The Company hereby grants to the Purchasers the right to purchase at their
option up to $40,000,000 aggregate principal amount of Optional Securities,
solely to cover over-allotments, at the purchase price set forth in clause
(a) of the first paragraph of this Section 2 plus accrued interest, if any, from
March 6, 2017 to such Subsequent Time of Delivery (as defined in Section 4
hereof). Any such election to purchase Optional Securities may be exercised by
written notice from the Representatives on behalf of the Purchasers to the
Company, given within a period of 30 calendar days from the date of this
Agreement, setting forth the aggregate principal amount of Optional Securities
to be purchased and the date on which such Optional Securities are to be
delivered, as determined by the Representatives but in no event earlier than the
First Time of Delivery or, unless the Representatives and the Company otherwise
agree in writing, earlier than three or later than ten New York Business Days
(as defined below) after the date of such notice.

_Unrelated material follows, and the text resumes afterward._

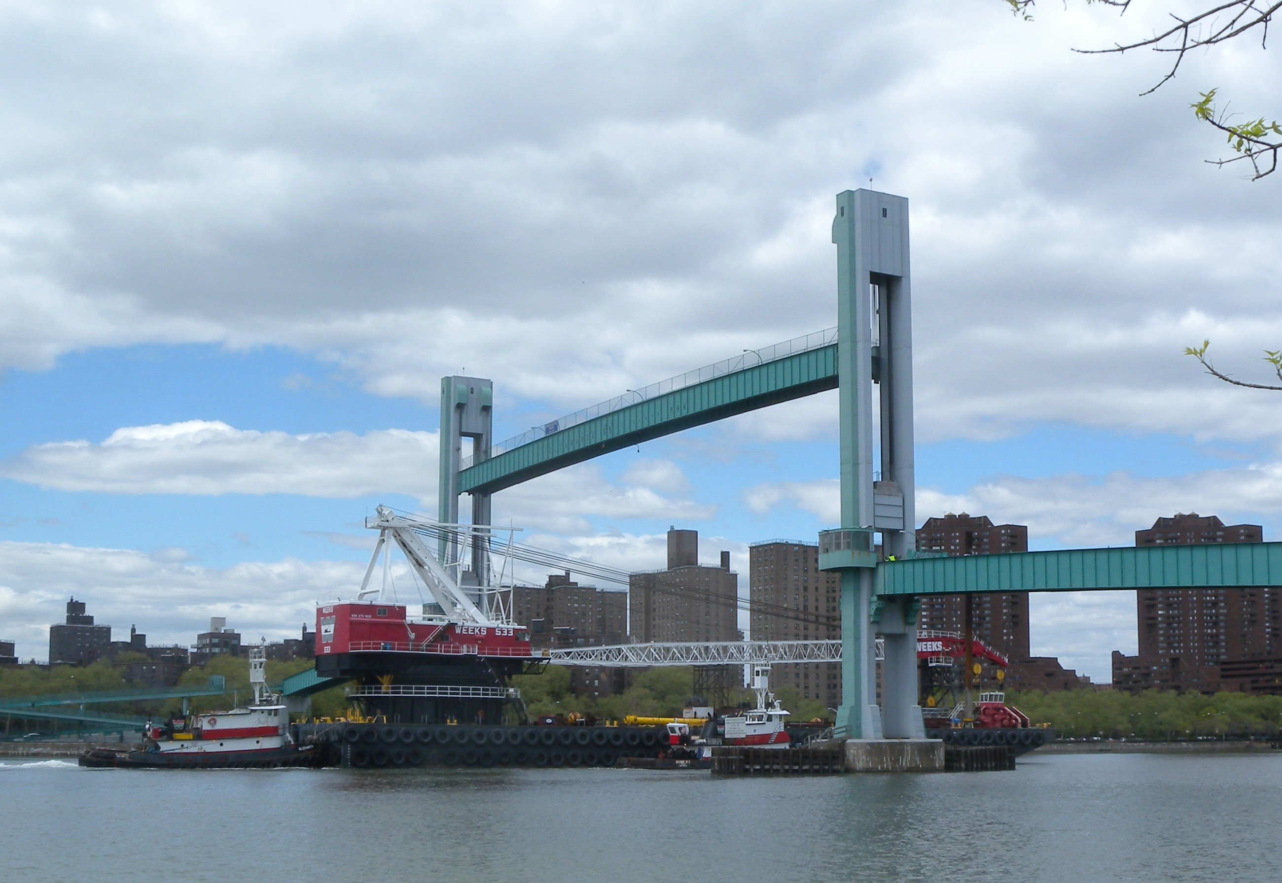 Looking northwest at a barge going under the lifted Wards Island Bridge, to work on the Willis Avenue Bridge, on a mostly cloudy midday.

3. Upon the authorization by the Representatives of the release of the
Securities, the several Purchasers propose to offer the Securities for sale upon
the terms and conditions set forth in this Agreement and the Offering Memorandum
and each Purchaser, acting severally and not jointly, hereby represents and
warrants to, and agrees with the Company that:

(a) it will sell the Securities only to persons whom it reasonably believes are
“qualified institutional buyers” (“QIBs”) within the meaning of Rule 144A under
the Securities Act in transactions meeting the requirements of Rule 144A;

(b) It is a QIB within the meaning of Rule 144A under the Securities Act or an
Institutional Accredited Investor, within the meaning of Rule 501(a) under the
Securities Act; and

(c) Neither it nor any of its affiliates or any other person acting on its or
their behalf will solicit offers for, or offer or sell, the Securities by means
of any form of general solicitation or general advertising within the meaning of
Rule 502(c) of Regulation D or in any manner involving a public offering within
the meaning of Section 4(a)(2) of the Securities Act (other than by means of a
Permitted General Solicitation, as defined below).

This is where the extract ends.